Despite the remarkable progress achieved by deep learning models in change detection tasks, existing algorithms still exhibit notable limitations, which can be summarized as follows:

Inadequate modeling of motion information across multi-temporal images hampers the accurate capture of temporal variations. This issue is particularly pronounced in scenarios involving small-scale changes or complex backgrounds, often resulting in false positives and missed detections.
Most current approaches employ a single attention mechanism for feature enhancement, lacking comprehensive multi-domain modeling. This shortcoming limits the extraction of discriminative change features in complex scenes.

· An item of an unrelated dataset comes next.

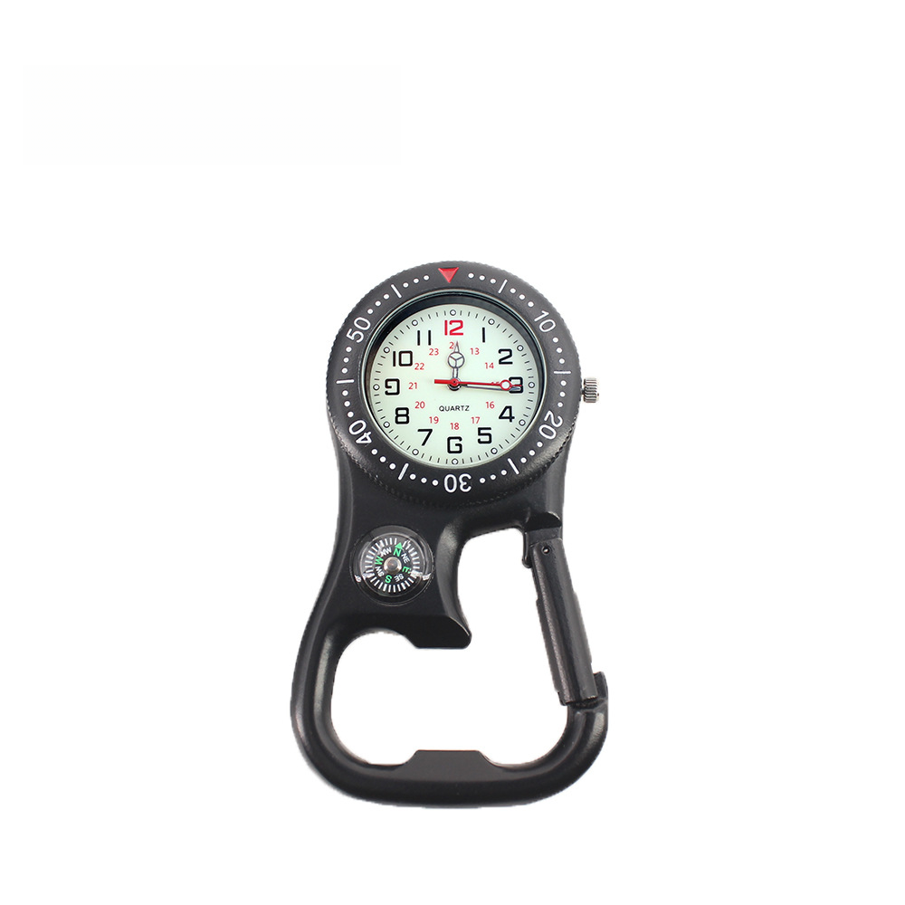 | nameOriginal | Mountaineering buckle hanging watch watch hanging buckle compass watch bottle opener luminous spiral double time zone backpack ornaments outdoor rock climbing |

It is noteworthy that optical flow field modeling can effectively compensate for the temporal motion features often overlooked by traditional methods in change detection tasks. To more accurately capture dynamic changes between images, researchers have progressively explored more efficient optical flow estimation approaches. Early optical flow methods such as the Horn Schenck method relied on assuming brightness consistency of the image to calculate motion but had limited accuracy and robustness. With the development of deep learning, FlowNet proposed by Fischer et al. [33] has become a groundbreaking deep learning model for directly estimating optical flow from image sequences. The LiteFlowNet2 proposed by Qin et al. [34] enhances the model’s ability to capture multi-scale features and provides better optical flow estimation performance by introducing a feature pyramid network and a bidirectional flow estimation strategy based on LiteFlowNet [35]. On the other hand, spatial domain methods have limitations in capturing cross-temporal variation patterns, and frequency domain analysis provides an important supplement for this. AFFormer [36] and Fcanet [37] have confirmed that frequency domain features can effectively enhance image representation capabilities. Ma et al. [38] proposed DDLNet, which employs a tailored frequency domain enhancement module to extract frequency components from bi-temporal images via discrete cosine transform (DCT) to emphasize significant changes. A spatial domain recovery module SRM is designed to fuse spatiotemporal features and reconstruct spatial details of change representations.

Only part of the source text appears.